Measurement of the Scintillation Yield of Low-Energy Electrons in Liquid Xenon

TL;DR

This study measures how the scintillation yield of liquid xenon varies with low-energy electron energies between 2.1 and 120.2 keV, revealing a non-monotonic dependence and effects of ionization on light production.

Contribution

It provides the first detailed energy dependence of LXe scintillation yield for electrons in this energy range using the Compton coincidence technique.

Findings

Scintillation yield increases from 120 keV to 60 keV, then decreases by 30% down to 2 keV.

The 32.1 keV transition yield matches Compton electron measurements.
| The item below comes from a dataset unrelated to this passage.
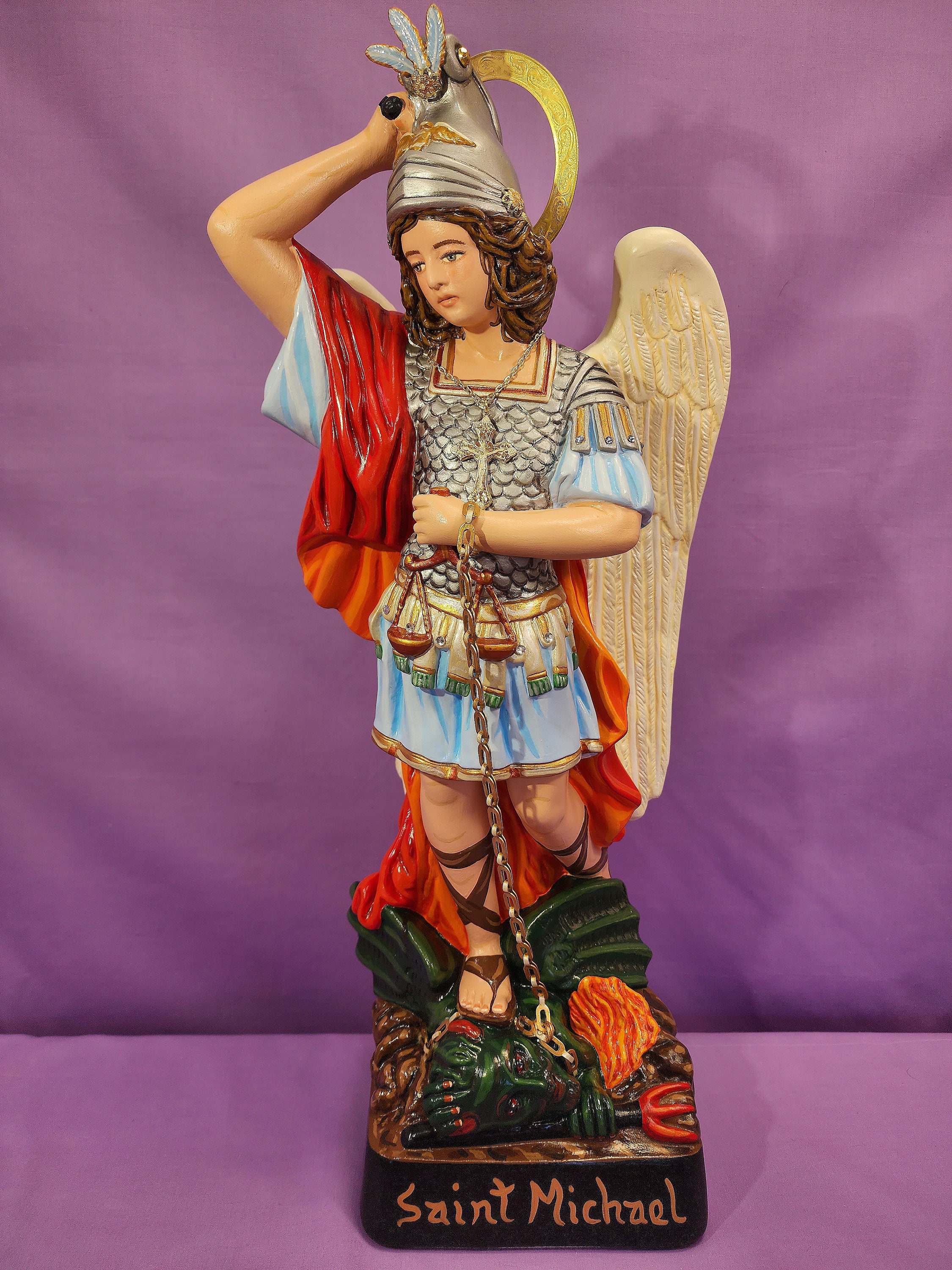 This is our latest statue we have received from Heavenly Saints. However, this is not just a statue. This is a sacred work of art. An expression of love seen with every brushstroke and detail given to him. These statues are projections of the saints and of the Holy on such a divine level. When you receive your statue you are awestruck and filled with so much joy. This St. Michael is like all our other statues we have received in that it feels so full of energy and love and so much power.So beautiful! The statues all receive blessings and are made with care. Care takes time so I am patient and it is always worth the wait. These are spiritual gifts. These are statues that you will keep for life. These are sacred family heirlooms. Unique and one of a kind. Irreplaceable. For yourself and for others. I love to gift these. God Bless.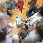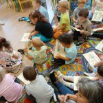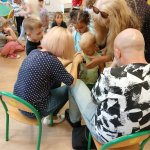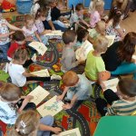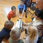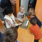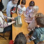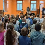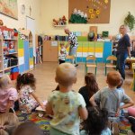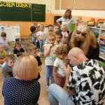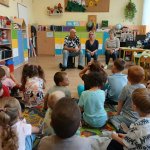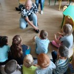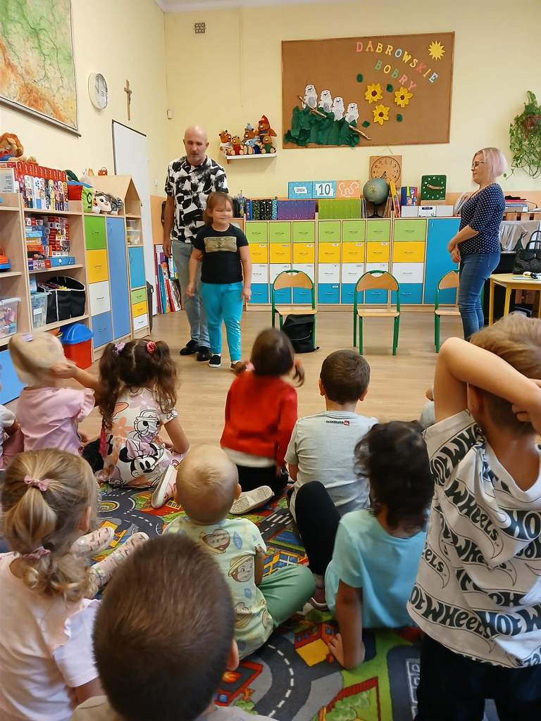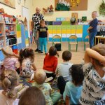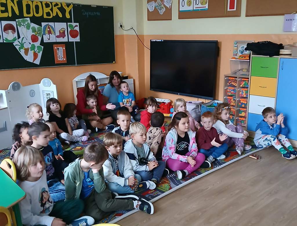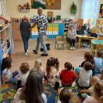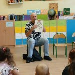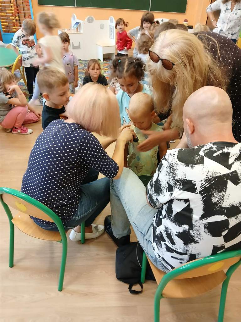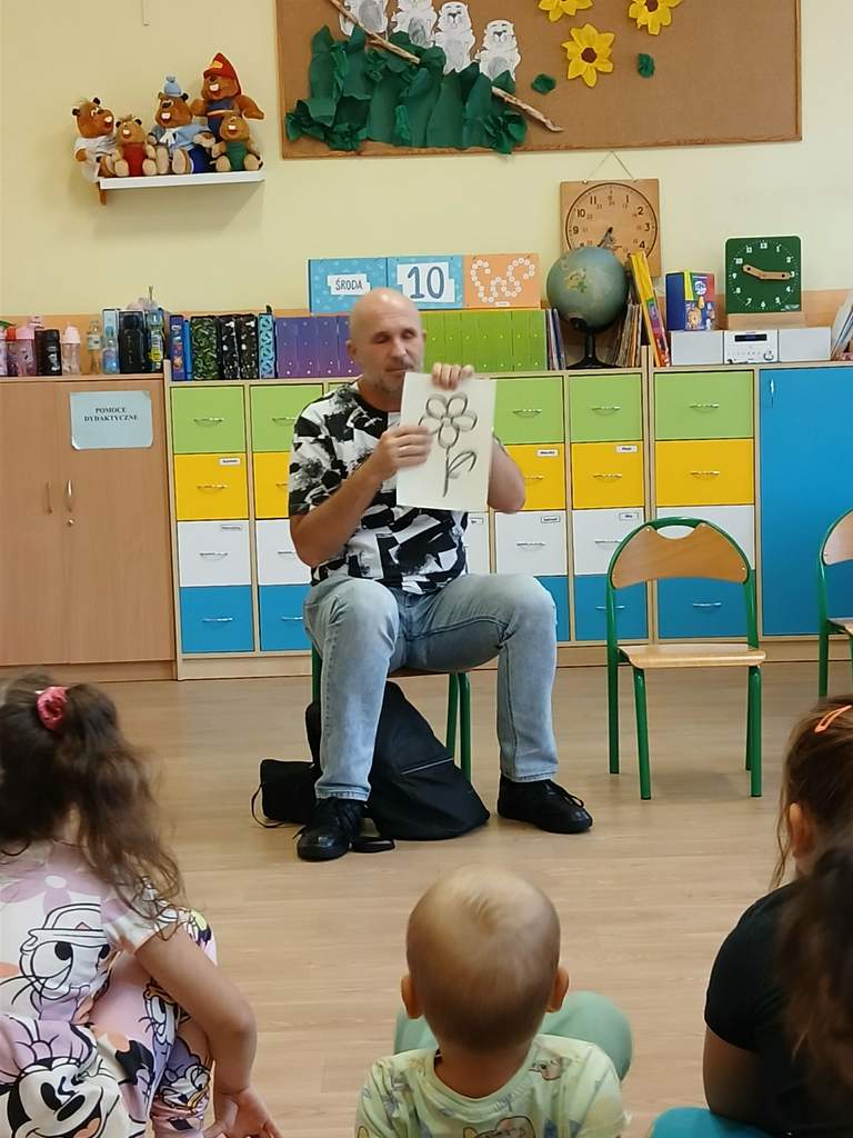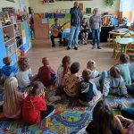 - 17.11.2025 - spotkanie z opowieścią muzyczną o tolerancji "Kwiatek Bratek". Na zajęciach, nie mogło zabraknąć muzyki (gry na gitarze), jak i wspólnych rozmów o ulubionych książkach. Jeśli mowa o czytaniu i pisaniu, pani Katarzyna Nowak z fundacji, wyjaśniała uczestnikom jak ona czyta, używając do tego celu zmysłu dotyku (pismo punktowe – alfabet Braille’a), a nie wzroku. Dzieci mogły z bliska przyjrzeć się temu urządzeniu.

The 9.4 keV transition yield is higher due to enhanced recombination effects.

Abstract

We have measured the energy dependence of the liquid xenon (LXe) scintillation yield of electrons with energy between 2.1 and 120.2keV, using the Compton coincidence technique. A LXe scintillation detector with a very high light detection efficiency was irradiated with 137Cs {\gamma} rays and the energy of the Compton-scattered {\gamma} rays was measured with a high-purity germanium (HPGe) detector placed at different scattering angles. The excellent energy resolution of the HPGe detector allows the selection of events with Compton electrons of known energy in the LXe detector. We find that the scintillation yield initially increases as the electron energy decreases from 120 keV to about 60keV but then decreases by about 30% from 60keV to 2keV. The measured scintillation yield was also measured with conversion electrons from the 32.1 keV and 9.4 keV transitions of the 83mKr isomer, used as an internal calibration source. We find that the scintillation yield of the 32.1 keV transition is compatible with that obtained from the Compton coincidence measurement. On the other hand, the yield for the 9.4keV transition is much higher than that measured for a Compton electron of the same energy. We interpret the enhancement in the scintillation yield as due to the enhanced recombination rate in the presence of Xe ions left from the 32.1 keV transition, which precedes the 9.4 keV one by 220 ns, on average.